No one is saying masturbating to online porn stops him from being a dad - but he's clearly not being a supportive dad, and helping with the baby would actually give OP some time for herself, in which to feel more her again. And therein might lead the road to resuming their sex life quicker. OP paints a picture of a DH who's not pulling his weight. Nothing so unsexy as a second child to deal with.

And come on, there's a furtive, teenagery vibe to this. OP goes out with the baby and he's rushing upstairs with VR headset. Of course no one can police how another person masturbates, but I think many of us feel frustrated that so many men (and some women) hit the button to often violent, extreme and demeaning content and feel wistful for the old days of Readers' Wives and the odd VHS! And of course they can do it, but many of us don't have to like or put up with it.

Edited

I agree with this. I would be nostalgic anjoyed that I felt like I didn't get a moment alone without the baby while he seems to have time to sort himself out. He needs to be pulling his weight rather than be grumping about what he isn't getting. Once op loses respect for him the marriage is as good as over.

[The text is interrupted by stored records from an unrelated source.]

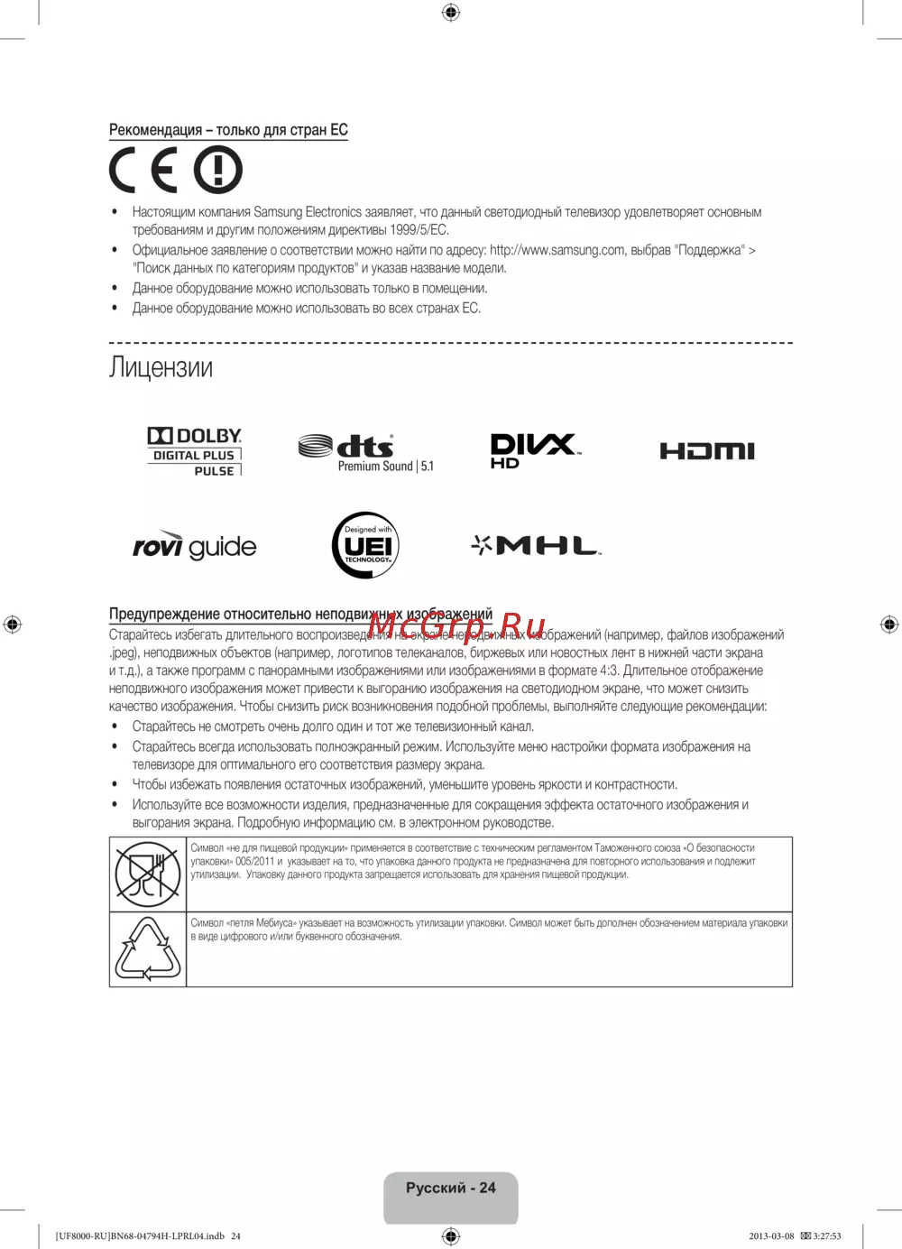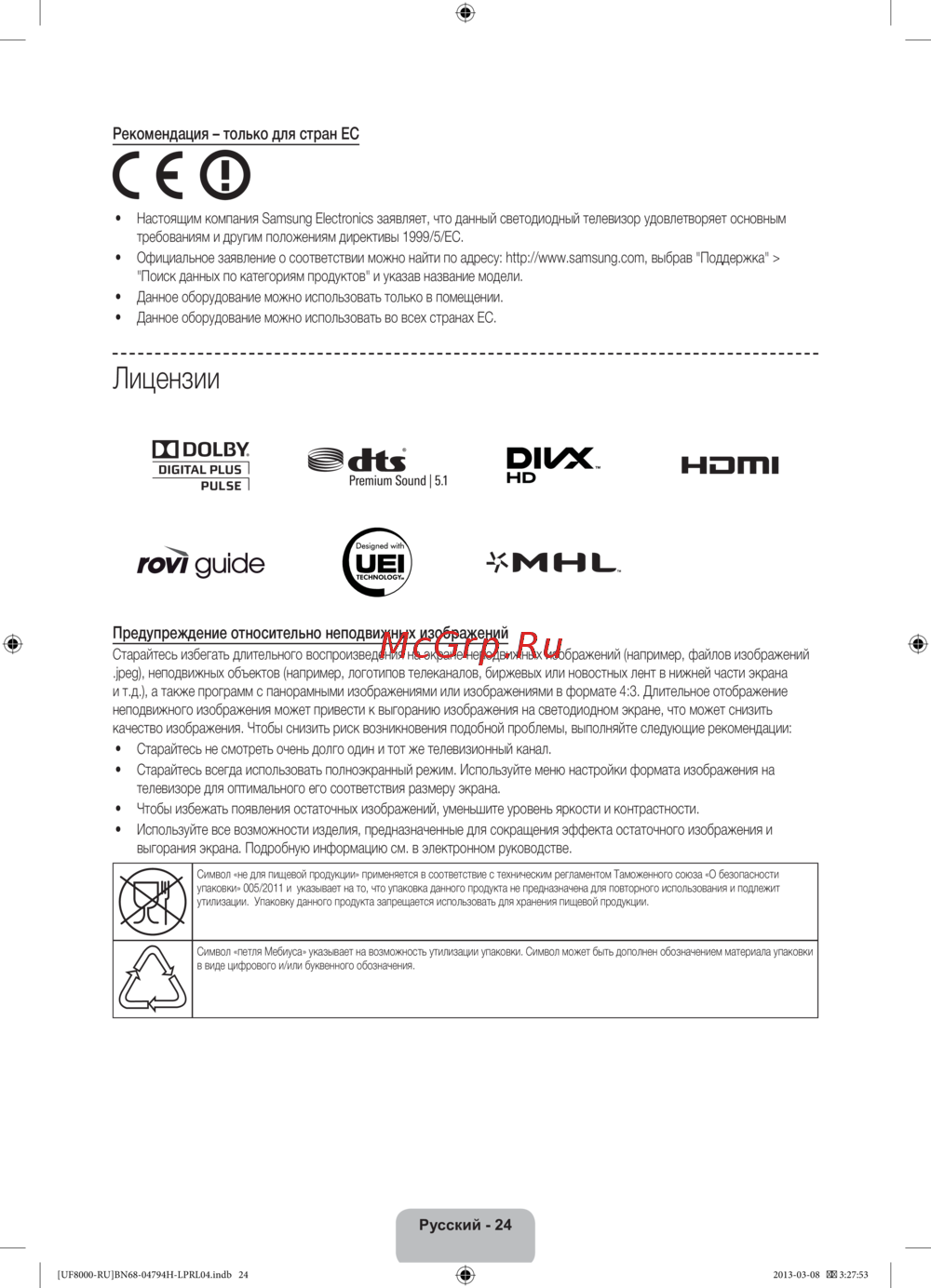 Samsung UE46F8000AT — нормативная документация и рекомендации по использованию телевизоров [47/93]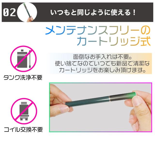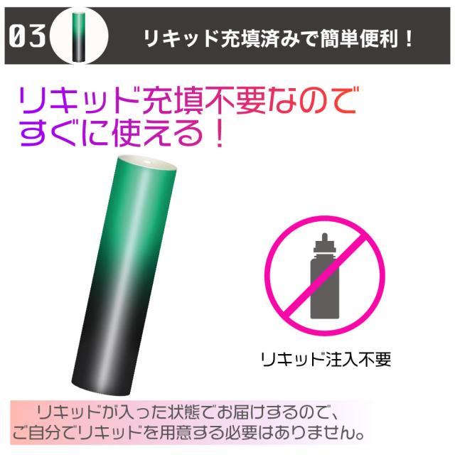 リキッドのメイン成分は天然植物性グリセリン、プロピレングリコール、香料と安全性に最大限配慮しており、当然ながらニコチンやタール等は一切含まれていません。また、本体は耐熱性に優れた食品級の樹脂素材でできており、液漏れを防ぐとともに危険な物質を摂取してしまう心配もありません。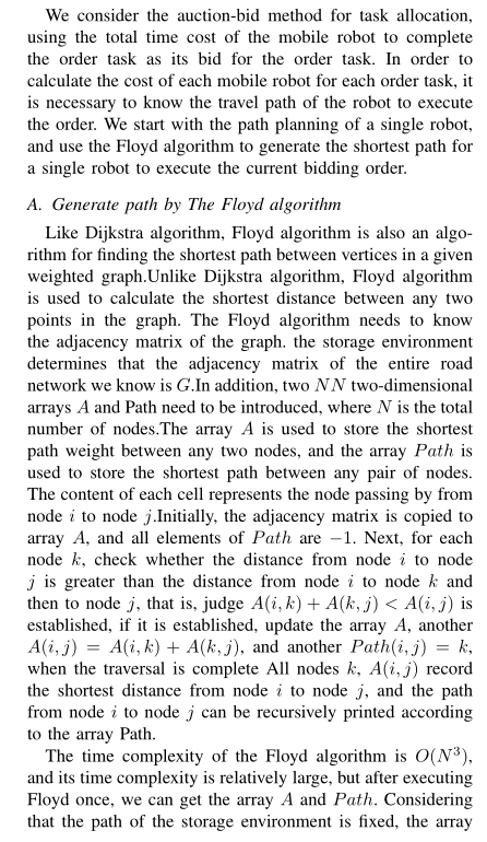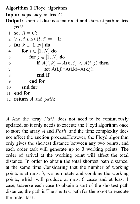- 步骤 1:基础时间计算:基于 Floyd 算法预计算仓库内所有关键节点(货位、分拣台、通道交叉点)之间的最短路径长度 L,结合机器人当前速度 v(空载 v₀=1.2m/s,满载 v₁=0.8m/s),得到基础时间 T_base = L /v;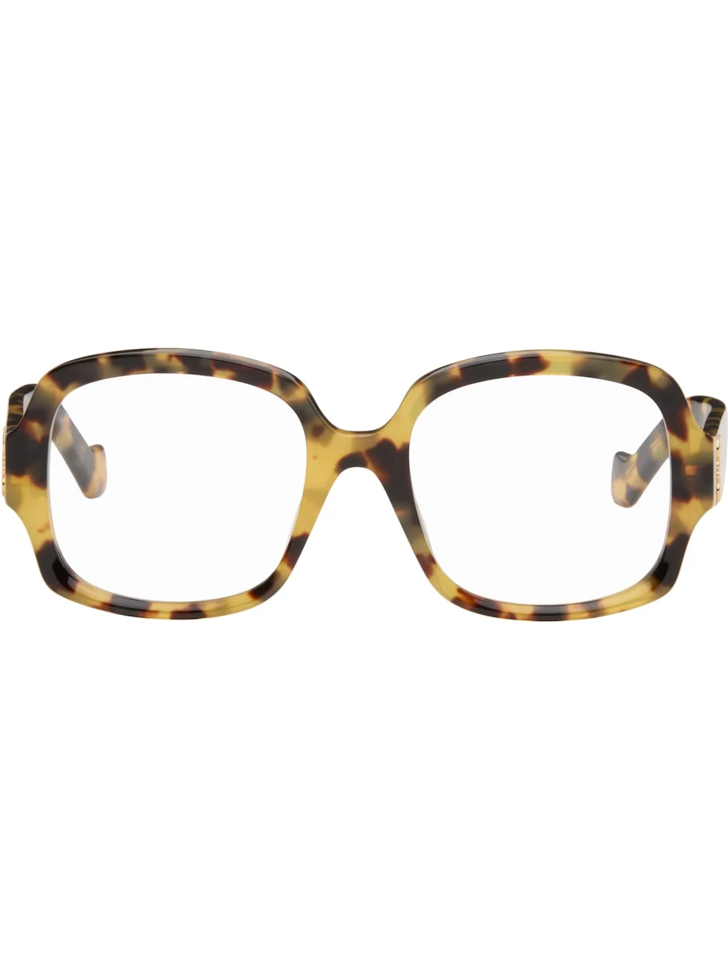 Square semi-transparent tortoiseshell acetate-frame optical glasses. · Integrated nose pads · Logo hardware at temples · Exposed core wires · Includes case · Size: 53.19 140 Supplier color: Havana/Other Acetate. Made in Italy 261677M133012

Newnameagainn · 19/04/2026 17:36

You can't expect him to lose his sex drive alongside yours. He just needs to understand where you're at and not make comments. (And be less obvious when he wants to sort himself out.) Sounds like you need another conversation about this with him to talk about how you both feel.

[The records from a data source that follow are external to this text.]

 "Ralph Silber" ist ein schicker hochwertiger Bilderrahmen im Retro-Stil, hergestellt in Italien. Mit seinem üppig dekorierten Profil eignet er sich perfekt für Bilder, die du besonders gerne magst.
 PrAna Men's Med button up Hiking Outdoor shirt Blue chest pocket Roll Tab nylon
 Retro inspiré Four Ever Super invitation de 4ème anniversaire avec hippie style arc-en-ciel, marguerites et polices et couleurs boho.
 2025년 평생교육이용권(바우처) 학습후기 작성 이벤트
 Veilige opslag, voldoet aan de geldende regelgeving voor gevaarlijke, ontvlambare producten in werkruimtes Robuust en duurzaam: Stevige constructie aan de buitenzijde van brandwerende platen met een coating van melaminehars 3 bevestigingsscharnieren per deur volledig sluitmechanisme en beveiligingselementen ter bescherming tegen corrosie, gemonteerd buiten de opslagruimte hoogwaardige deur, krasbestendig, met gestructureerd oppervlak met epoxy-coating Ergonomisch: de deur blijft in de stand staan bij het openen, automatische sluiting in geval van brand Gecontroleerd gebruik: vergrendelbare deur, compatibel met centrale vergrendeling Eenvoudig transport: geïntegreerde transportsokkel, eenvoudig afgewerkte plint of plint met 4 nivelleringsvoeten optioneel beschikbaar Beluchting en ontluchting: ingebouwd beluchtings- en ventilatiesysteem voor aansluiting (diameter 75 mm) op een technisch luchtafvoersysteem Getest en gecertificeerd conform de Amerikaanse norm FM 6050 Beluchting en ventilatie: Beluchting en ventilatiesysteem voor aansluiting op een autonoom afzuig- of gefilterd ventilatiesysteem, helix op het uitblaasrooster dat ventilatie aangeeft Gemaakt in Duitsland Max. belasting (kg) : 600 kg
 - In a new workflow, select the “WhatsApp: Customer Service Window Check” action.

EilonwyWithRedGoldHair · 19/04/2026 20:31

CurlewKate · 19/04/2026 11:42

Can you really not see a difference between erotic art and online porn?

Of course, but erotic art - and indeed actual pornographic art - has been around for thousands of years, it's not a modern invention, it's something humans create.

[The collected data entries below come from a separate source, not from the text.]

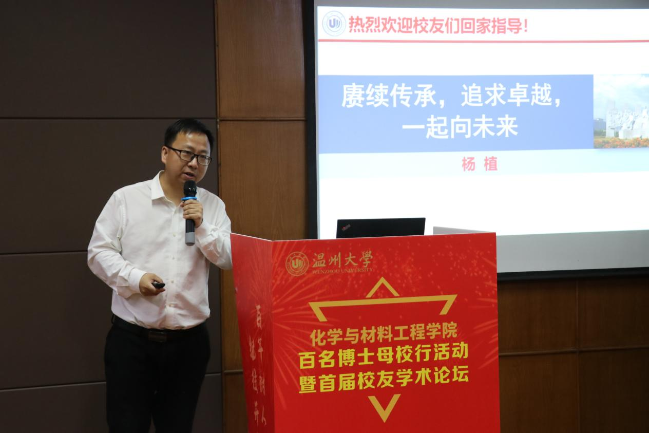 5月13日下午,在8868体育_8868(中国)90周年华诞之际,化学与材料工程学院在11B208会议室成功举办百名博士母校行暨首届校友学术论坛活动。学院院长杨植教授、学院党委书记刘吟、校友浙江大学教授李永泉、校友中山大学教授吴明娒等三十几位国内外优秀校友出席论坛,七十余位学院教师及学生参会学习。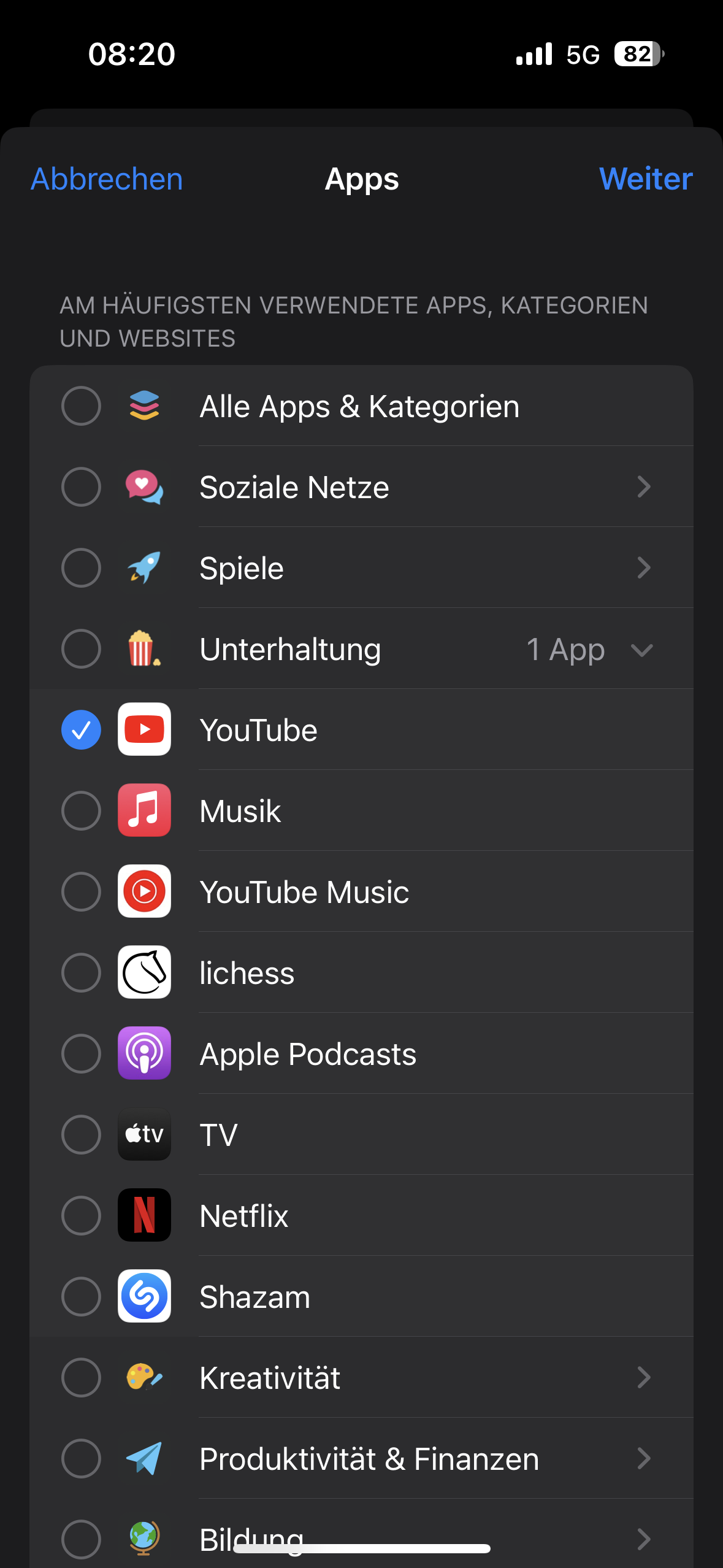Bildschirmzeit für YouTube beschränken funktioniert nicht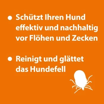 Benetzen Sie auf sanfte Weise das Fell Ihres Hundes mit lauwarmem Wasser. Verwenden Sie die nachstehend vorgeschlagene Menge Shampoo und massieren Sie es in das Fell ein. Achten Sie darauf, empfindliche Bereiche wie Augen, Mund und Ohren zu meiden. Lassen Sie das Shampoo vor allem im Bereich des Halses und des Rutenansatzes, wo Zecken sich gerne ansammeln, gut aufschäumen. Sorgfältig mit lauwarmem Wasser ausspülen und dann den Hund trocknen. Lassen Sie ihn nicht außer Haus, bevor er vollkommen trocken ist.

Midlifecrisisaverted · 19/04/2026 21:28

BeaRightThere · 18/04/2026 12:24

I know this is an unpopular view but very gently, I do think you're being unreasonable. It sounds as though your husband, although he clearly does miss sex and want it to resume, hasn't been nasty about it and is sorting himself out. A lot of men (and women) use porn solely as a visual aid. He's not necessarily imagining himself with those women and even if he were, that doesn't mean he wouldn't much prefer to be having sex with you. It's just fantasy, it doesn't mean anything.

I would try to let it go, assuming he is a good husband and father.

First sensible response I've seen relating to porn on MN! 👏🏼 I agree with this.

Forestdrop · 20/04/2026 00:08

EilonwyWithRedGoldHair · 19/04/2026 20:31

Of course, but erotic art - and indeed actual pornographic art - has been around for thousands of years, it's not a modern invention, it's something humans create.

It’s funny because I had never seen a gang bang ‘acted’ non-consensually, triple penetration or anal fisting on a girl that looked underage until around 2011.

Nobody was drawing that in hieroglyphics.